The main differential diagnoses for a fibro-osseous pseudotumor include myositis ossificans, Turret exostosis, bizarre parosteal osteochondromatous proliferation (BPOP) of the bone (the Nora lesion), and extraskeletal osteosarcoma (15). A fibro-osseous pseudotumor shares histological and clinical features with myositis ossificans, and some authors regard the lesion as a subcutaneous variant of myositis ossificans (1810). A fibro-osseous pseudotumor occurs mainly in the subcutaneous tissue of a digit without muscular involvement, however myositis ossificans usually occurs in deeper soft tissues, and histopathologically exhibits a typical zoning phenomenon. Therefore, a distal superficial lesion lacking a zoning pattern will favor diagnosis of a fibro-osseous pseudotumor, while a proximal and deep lesion with a zonation pattern will suggest a diagnosis of myositis ossificans (4589).

Extraskeletal osteosarcoma should always be ruled out; this usually develops in a large muscle of the proximal lower extremity and affects patients of older age. Fibro-osseous pseudotumors are more common in young adults, and are located more distally.

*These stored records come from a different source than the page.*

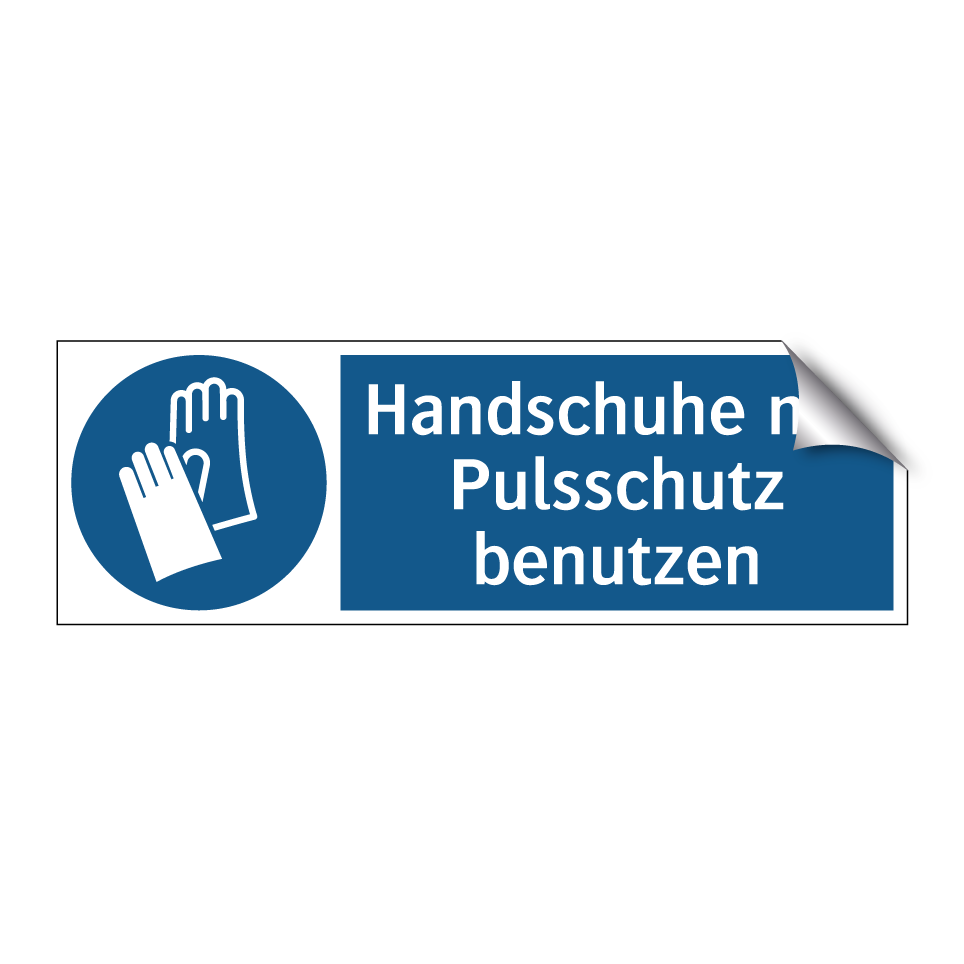 Gebotsschild mit dem Text Handschuhe mit Pulsschutz benutzen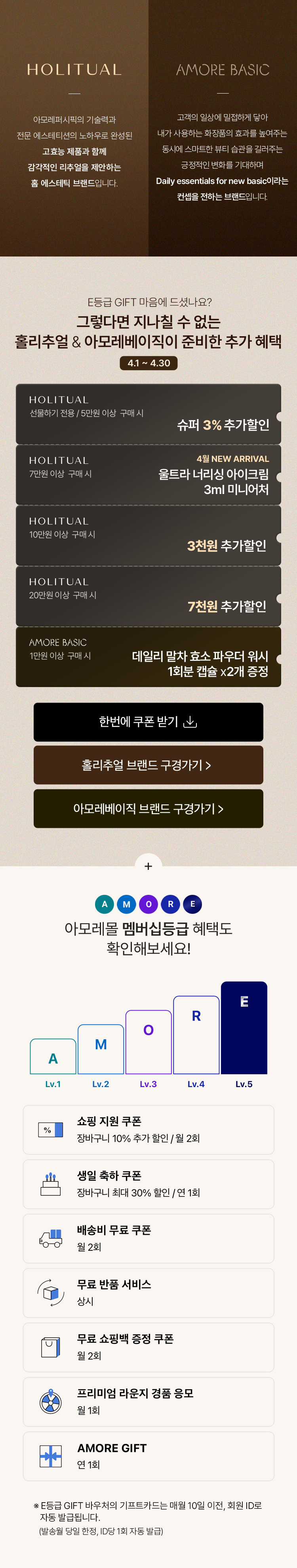 E등급 AMORE GIFT는 아이디당 연 1회 받아보실 수 있으며, 첫 E등급 달성 월에 발송됩니다.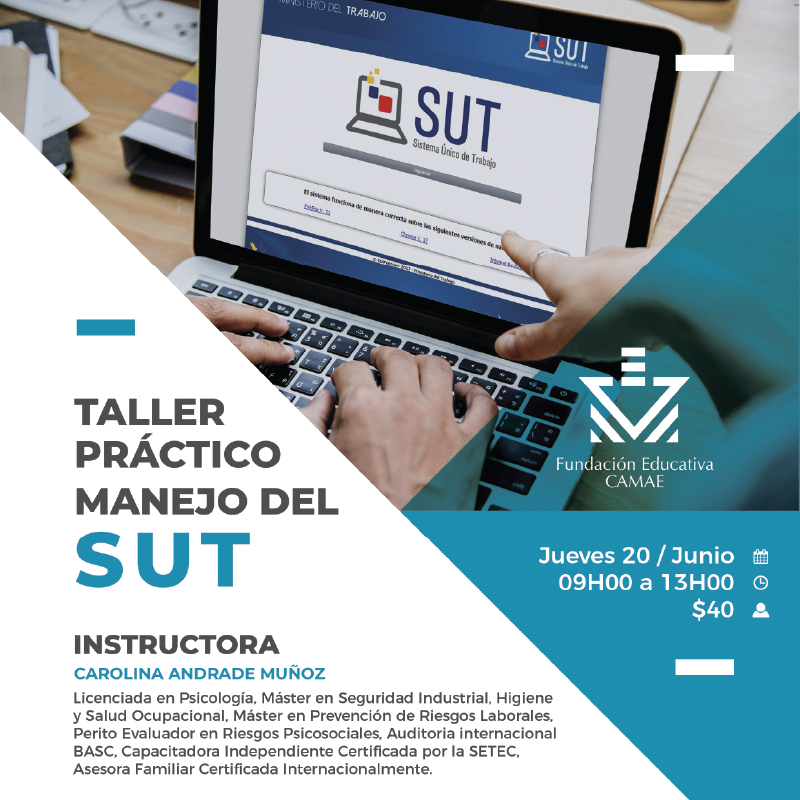 Taller Práctico Manejo del SUT – Sistema Único del Trabajador del Ministerio del TrabajoJun202019 Cuándo: jueves 20 de junio, 2019 a las 13:43 📅 Fechas 20/06/2019🕢 Horario 09h00 – 13h00 (Duración 8 Horas)📞 Teléfonos 04 256- 4644 ext. 103 – 114 +593 998 456338 – +593 998 699155 Compartir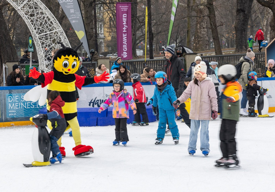Die Winterwelt selbst, ein traditionsreicher Eislaufplatz unter dem Grazer Schlossberg mit rund 3.000 m² Eisfläche, bot auch in dieser Saison wieder ein vielfältiges Freizeitangebot für Groß und Klein – von Schlittschuhlaufen über Eisstockschießen bis hin zu regelmäßigen Veranstaltungen im Winterprogramm.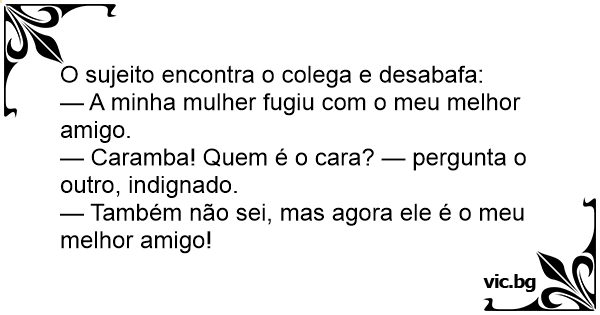 — A minha mulher fugiu com o meu melhor amigo.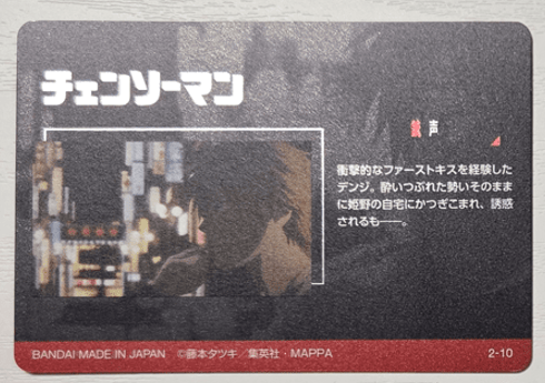 TVアニメ エピソード8 『銃声』のシーンカード。裏面には向き合うデンジのシーンカットがあり実は両面で関係する絵が印象的です。
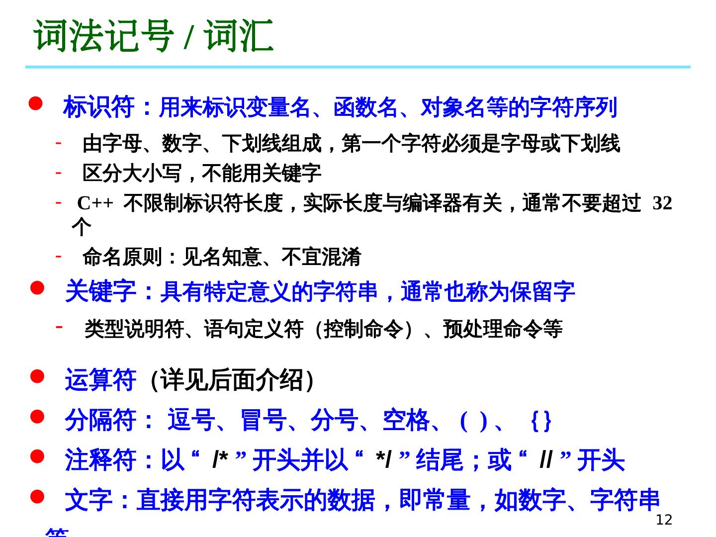 12 .12 词法记号 / 词汇 标识符: 用来标识变量名、函数名、对象名等的字符序列 由字母、数字、下划线组成,第一个字符必须是字母或下划线 区分大小写,不能用关键字 C++ 不限制标识符长度,实际长度与编译器有关,通常不要超过 32 个 命名原则:见名知意、不宜混淆 运算符 (详见后面介绍) 分隔符: 逗号、冒号、分号、空格、 ( ) 、{} 注释符:以 “ /* ”开头并以 “ * / ”结尾;或 “ // ”开头 文字:直接用字符表示的数据,即常量,如数字、字符串等 关键字: 具有特定意义的字符串,通常也称为保留字 类型说明符、语句定义符(控制命令)、预处理命令等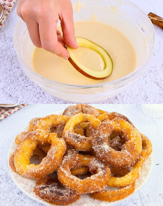 Doop de appelschijfjes in het voorbereide beslag en doop ze met hete olie in de pan. Bak ze aan beide kanten tot ze goudbruin zijn.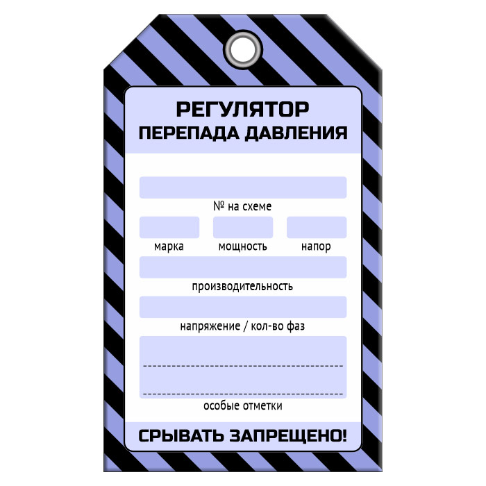 Бирка «РЕГУЛЯТОР ПЕРЕПАДА ДАВЛЕНИЯ» (1 шт., односторонняя, пластик, 70х115 мм) в Хотьково купить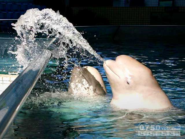 广州海洋馆的海豚、海狮表演来自美国、日本的8海豚和8只海狮,两条海豚托起训养师表演高难度的动作“空中飞人”;海狮们更是表演了滑稽的带球投篮,伸颈接套圈,向观众抛飞碟……博得观众阵阵掌声,表演成功了,它还会鼓掌“自我鼓励”呢!当您步进900立方米水体的鲨鱼馆,看到各种各样的鲨鱼,当然最惊险刺激的,还是潜水员在鲨鱼池里给鲨鱼喂食,闻到鱼腥味的鲨鱼围着潜水员转来转去,争抢潜水员带来的小鱼。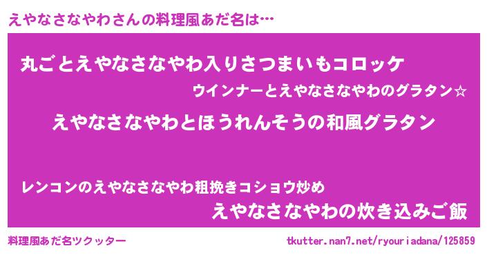 | 男性向けラノベタイトル風あだ名 | 『えやなさなやわ~年齢イコール彼女いない歴の魔法使い~』 |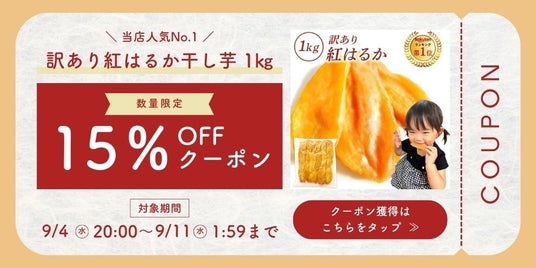 人気No,1訳あり 紅はるか干し芋 1kgで使える15%OFFクーポン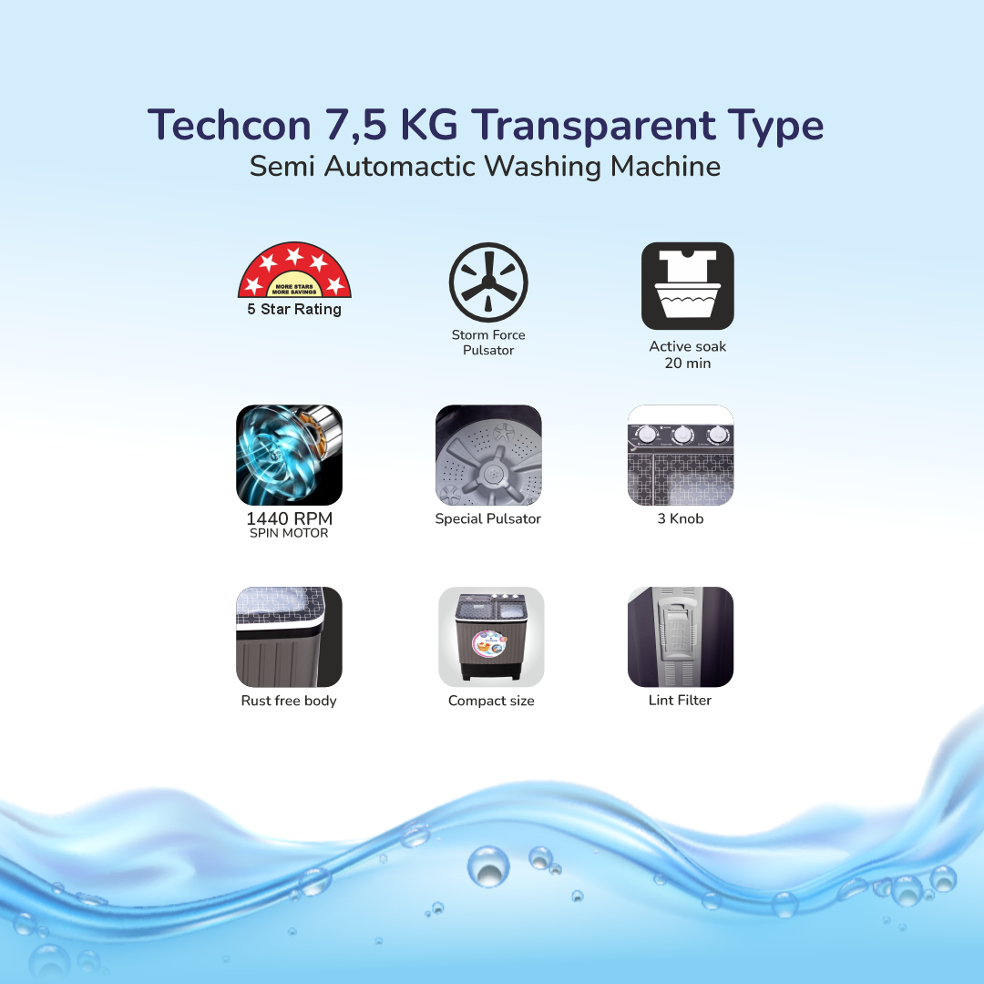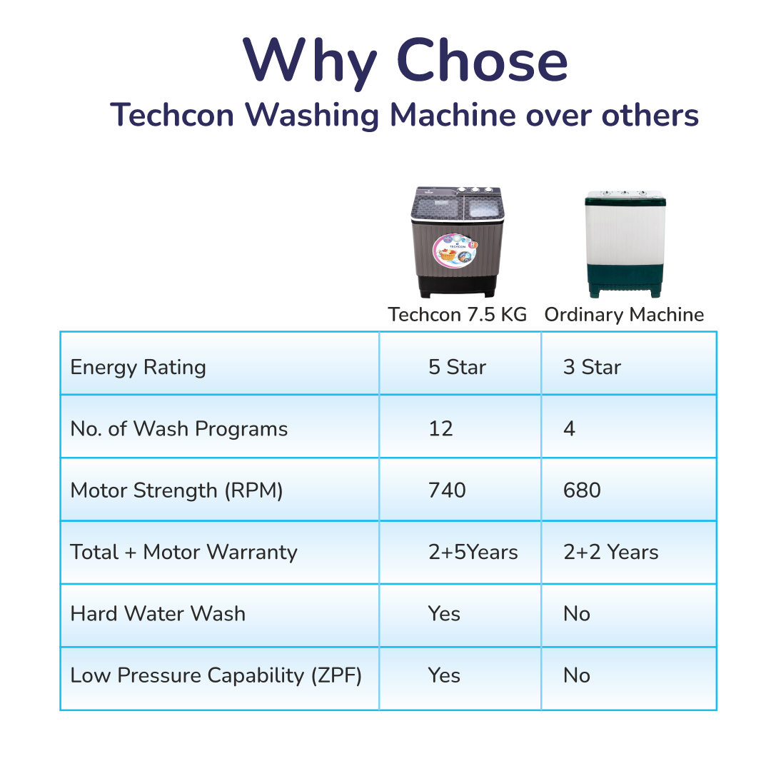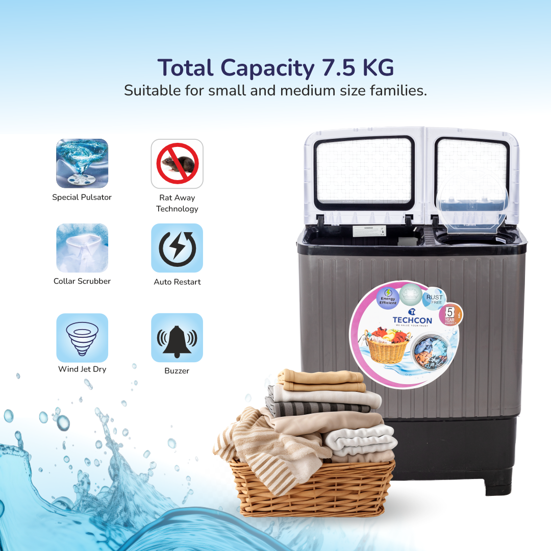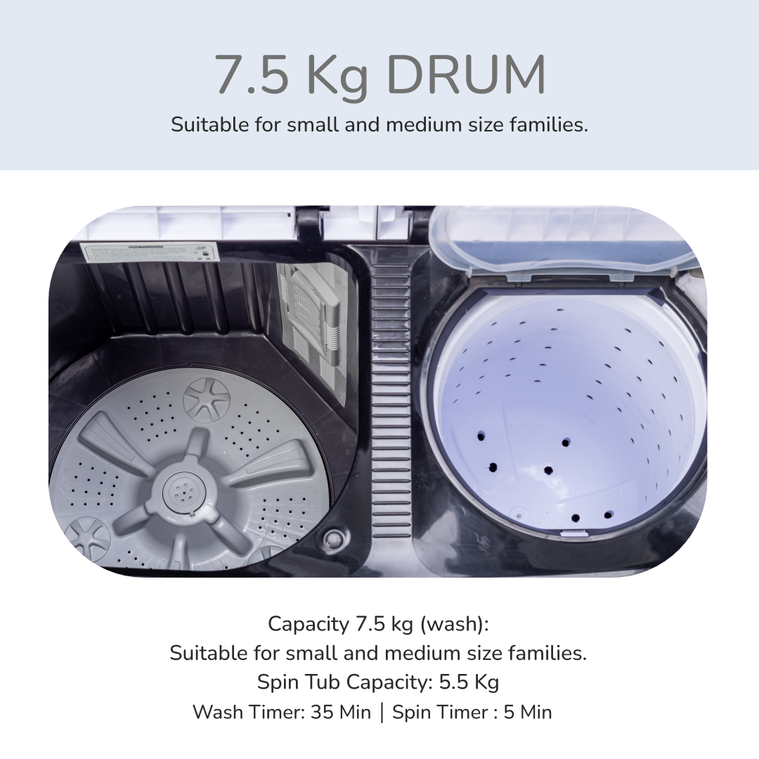 7.5 Kg Capacity – Ideal for small & medium-sized families

Nevertheless, a fibro-osseous pseudotumor can be misdiagnosed as a malignant neoplasm, both radiographically and histopathologically. Both BPOP and Turret exostosis are similar to fibro-osseous pseudotumors in terms of clinical, histological, and radiological findings, being distinguished from fibro-osseous pseudotumors by attachment to underlying bone (by stalks) and endochondral ossification. A fibro-osseous pseudotumor is an extraosseous lesion (56810).

Morphologically, BPOP has a cartilaginous cap that may exhibit bizarre atypia, whereas cartilage is rarely evident in a fibro-osseous pseudotumor, which develops via intramembranous ossification without any cartilage intermediate. Both lesions can be preceded by trauma, but BPOP is usually painless, and a fibro-osseous pseudotumor painful (5).

Despite its benign nature, the recommended treatment for a fibro-osseous pseudotumor is complete surgical excision; the prognosis is excellent with no evidence of malignant transformation (12458).

The most important problem associated with a fibro-osseous pseudotumor is that it can mimic a malignancy because of rapid growth, hypercellularity, cellular atypia, and mitotic activity. Therefore, it is very important to clearly distinguish the lesion from a malignant neoplasm, particularly a sarcoma (7).

In summary, a fibro-osseous pseudotumor is a rare and reactive lesion of fibroblastic proliferation with focal bone formation, and usually occurs in the dermis and subcutaneous tissue of the digit, without muscular or bony involvement. Imaging findings are helpful in differential diagnosis, avoiding unnecessary treatment such as radical amputation.